In what follows, I discuss why enclosure is not necessarily an inherent attribute of urban commons. Rather, underlying institutional arrangements often exist to ensure that certain people are included or excluded from benefiting, contributing to, and participating in decisions about the urban commons. I begin this conversation by (re)visiting two overlapping questions: (1) Should UFCs be governed as public or private commons? (2) Should UFCs be governed as a local or nonlocal (regional, state, federal, or global) commons? I refer to the first question as the public-private, state-market debate

Paul Samuelson’s (1954) argument about public-private goods and state-market institutional forms is illustrative. Goods (or in this case commons) are defined by their degree of subtractability and excludability. Commons are considered a public good when they have low excludability (very difficult if not impossible to prevent people from enjoying the good) and low subtractability (a person using the good does not diminish what is available for other people to use). Private goods, such as a bottle of fruit juice sold in a supermarket, have high excludability (only those who pay can use it) and high subtractability (Gulick 1957; Hardin 1978; Latin 1984; Ophuls 1973; Steinzor 1998; Ackerman and Stewart 1987; Demsetz 1983; Stewart 1985; Welch 1983). Ostrom (1990, 2010), James Buchanan (1965) identified an example of commons with high excludability but low subtractability: club goods. Ostrom and Ostrom (1977) also introduced the concept of common-pool resources (CPRs) to exemplify commons that have low excludability but high subtractability.

More important, the first debate, particularly informed by Elinor Ostrom’s observation, demonstrates how UFCs under certain conditions can exhibit characteristics of all four types of goods: public, private, club, and CPR (see Fig. 7.1).

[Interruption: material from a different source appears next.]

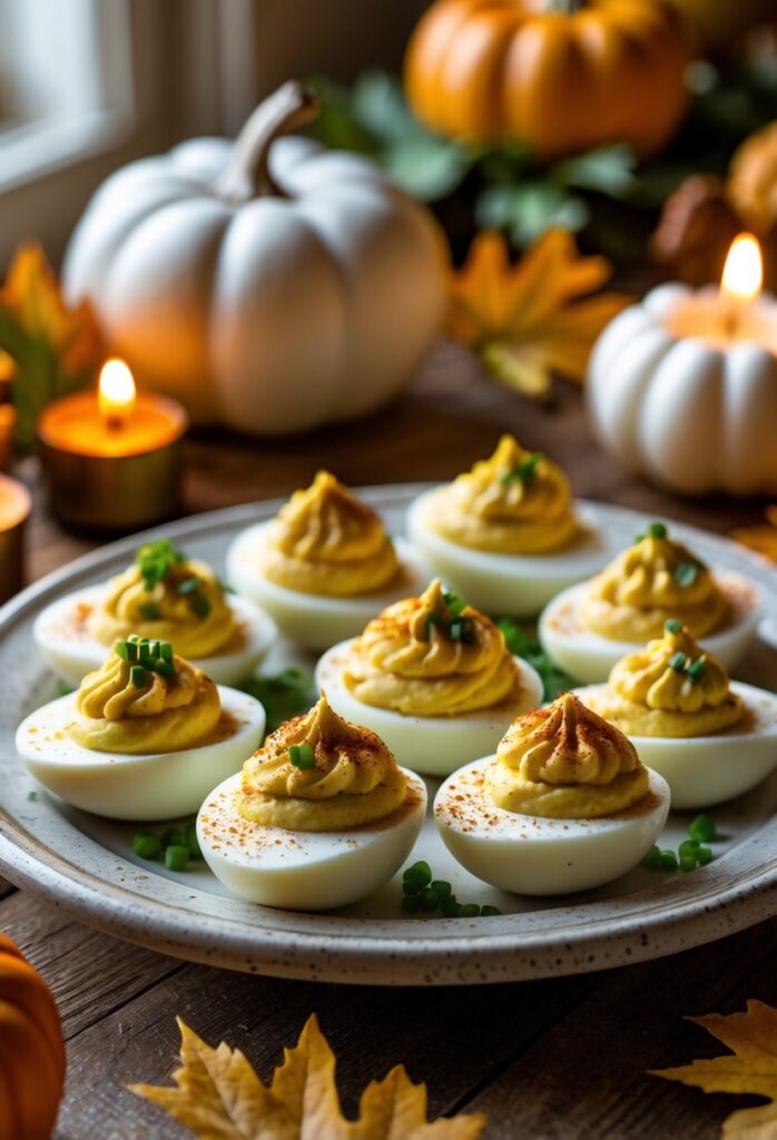 Classic deviled eggs remain a popular appetizer for Thanksgiving dinner. They are simple to prepare and use basic ingredients like hard-boiled eggs, mayonnaise, mustard, and a dash of paprika. This combination creates a creamy, tangy filling that complements many holiday dishes.

For instance, urban farm areas with free access (i.e., low excludability) and sufficient land for everyone (low subtractability) could be considered purely public UFCs. On the other hand, urban farm areas belonging to farmer cooperatives with members-only access (i.e., high excludability) and limited available land (high subtractability) can be considered purely private UFCs. If UFCs are purely private or public commons, then we can employ market pricing or state regulatory mechanisms (e.g., zoning and taxation), respectively, to ensure that anyone who enjoys purely private or public UFCs pays their fair share. Urban farm areas owned by farmer cooperatives (i.e., high excludability) but with sufficient spaces for every cooperative farmer (low excludability) exhibit characteristics of club goods, but urban farm areas with free access (i.e., low excludability) and insufficient space for everyone (high subtractability) exhibit CPR characteristics. Because UFCs can reflect all four types of goods, they present complicated management or governance challenges. For instance, introducing price and/or regulatory (e.g., zoning) mechanisms to manage UFCs can exclude certain individuals (especially vulnerable populations) from benefiting from UFCs. Conversely, adopting a laissez-fair (free-for-all) approach to managing UFCs, thereby relying on people’s altruism to pay for them, can constrain available resources. This second debate further complicates these challenges, especially when we consider the indirect and often non-local effects (benefits and costs) of UFCs .

Fig. 7.1
A schematic of the characteristics of U F C s is divided into four quadrants of types of goods namely, private, club, public, and C P R.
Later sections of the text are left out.